C’est ce qui explique qu’en vérité, le message
de son évêque a scellé le sort du Père Joseph
Bassitome devant l’opinion chrétienne du diocèse
d’Aného en particulier et devant l’opinion
chrétienne de l’Église en Afrique en général : il
est un traître, un impur, un possédé, un pécheur
qui refuse de se convertir.
C’est tout cela qui fait que le Père Joseph
Bassitome n’a pas osé écrire pour parler lui-
même de sa situation, après que l’évêque ait
écrit. Il lui aurait en effet été impossible de se
dédouaner aux yeux des chrétiens, en se
justifiant de tout ce dont on l’accuse, par le
développement d’arguments contraires à ceux de
l’évêque. La lettre de son ami Joseph Baoula
apparaît ainsi à ses yeux comme providentielle,
un peu comme un signe des « saints ancêtres »

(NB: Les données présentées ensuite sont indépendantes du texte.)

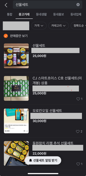 15일 당근에 ‘선물세트’로 검색했더니 계속해서 시간당 수십개의 상품이 올라오는 것을 볼 수 있었다. [당근] 선물 되팔기가 활성화한 이유는 중고거래 플랫폼 사용자 증가와 관련 있다.

qui veillent sur lui et qui vont mener son combat
pour rétablir la vérité dans l’opinion.

Analyse critique à partir des trois textes


Dans cette analyse, je voudrais commencer
par ce qui apparaît comme le cœur du problème
dans la lettre de l’évêque d’Aného, à savoir la
proximité spirituelle d’un prêtre catholique avec
le culte vaudou.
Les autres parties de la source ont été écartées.